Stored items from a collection
- Opening Delimiter -

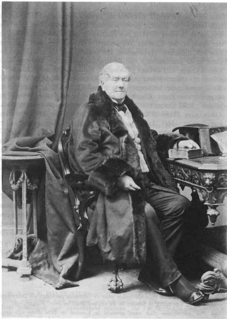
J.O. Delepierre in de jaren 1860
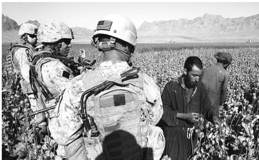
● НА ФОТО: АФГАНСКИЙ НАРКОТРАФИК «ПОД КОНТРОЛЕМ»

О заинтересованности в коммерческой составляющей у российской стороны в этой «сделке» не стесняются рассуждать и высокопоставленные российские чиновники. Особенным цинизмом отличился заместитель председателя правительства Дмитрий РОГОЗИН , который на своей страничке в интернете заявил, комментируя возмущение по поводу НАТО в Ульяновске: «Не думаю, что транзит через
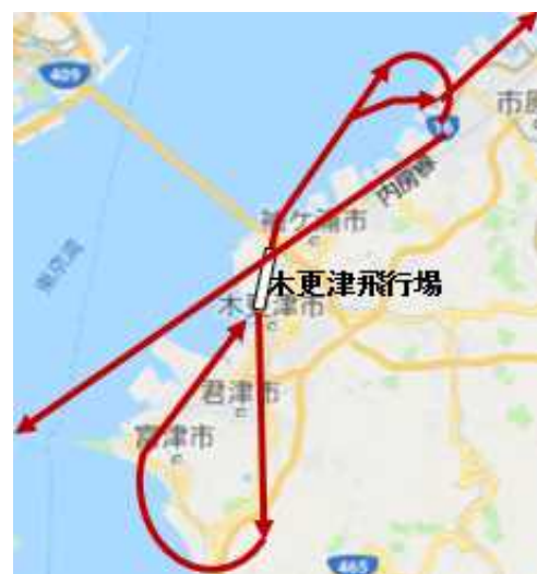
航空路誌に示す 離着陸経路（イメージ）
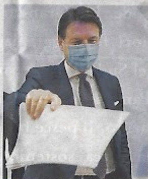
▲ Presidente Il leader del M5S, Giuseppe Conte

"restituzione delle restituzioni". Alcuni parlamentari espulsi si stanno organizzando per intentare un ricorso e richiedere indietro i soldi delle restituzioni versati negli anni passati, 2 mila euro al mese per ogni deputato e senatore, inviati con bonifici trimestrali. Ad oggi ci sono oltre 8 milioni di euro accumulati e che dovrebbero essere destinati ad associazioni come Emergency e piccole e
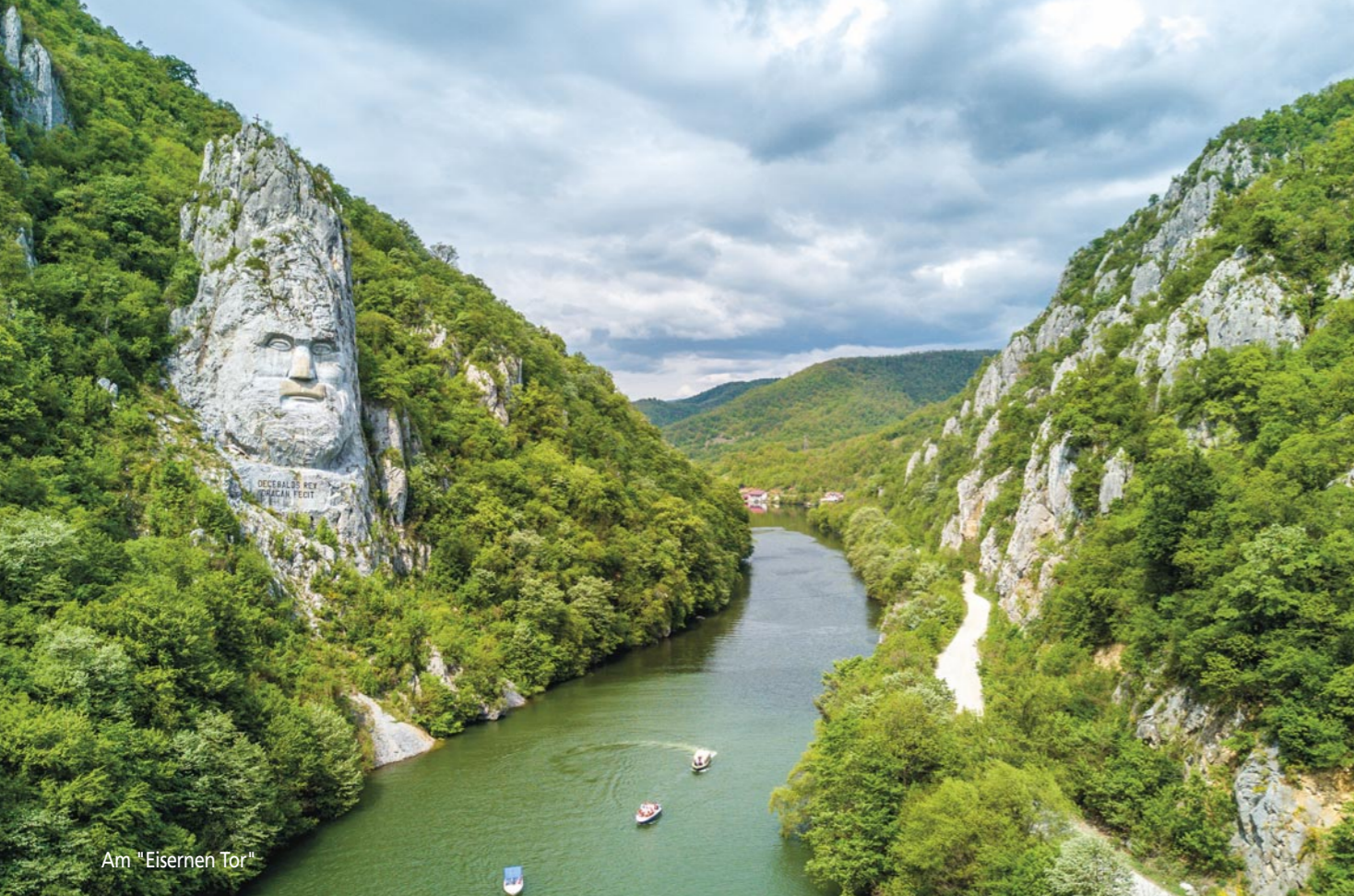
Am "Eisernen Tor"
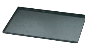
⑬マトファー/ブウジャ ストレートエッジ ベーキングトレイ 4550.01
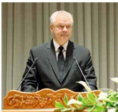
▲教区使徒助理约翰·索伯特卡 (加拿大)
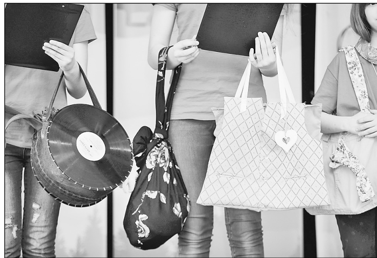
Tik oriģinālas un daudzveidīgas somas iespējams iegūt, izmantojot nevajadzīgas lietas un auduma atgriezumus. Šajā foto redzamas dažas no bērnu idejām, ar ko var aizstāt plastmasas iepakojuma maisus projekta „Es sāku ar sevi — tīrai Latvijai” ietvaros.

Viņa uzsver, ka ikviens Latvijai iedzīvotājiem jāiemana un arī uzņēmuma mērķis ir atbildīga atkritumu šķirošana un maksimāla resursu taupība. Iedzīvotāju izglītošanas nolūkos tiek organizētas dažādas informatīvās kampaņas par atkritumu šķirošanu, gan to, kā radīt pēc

- Closing Delimiter -

# [Work request]
The answer should contain only the lines from the start of the records above through the line with "О заинтересованности в", copied exactly, and no pictures.

# [Task solution]
J.O. Delepierre in de jaren 1860
● НА ФОТО: АФГАНСКИЙ НАРКОТРАФИК «ПОД КОНТРОЛЕМ»

О заинтересованности в коммерческой составляющей у российской стороны в этой «сделке» не стесняются рассуждать и высокопоставленные российские чиновники. Особенным цинизмом отличился заместитель председателя правительства Дмитрий РОГОЗИН , который на своей страничке в интернете заявил, комментируя возмущение по поводу НАТО в Ульяновске: «Не думаю, что транзит через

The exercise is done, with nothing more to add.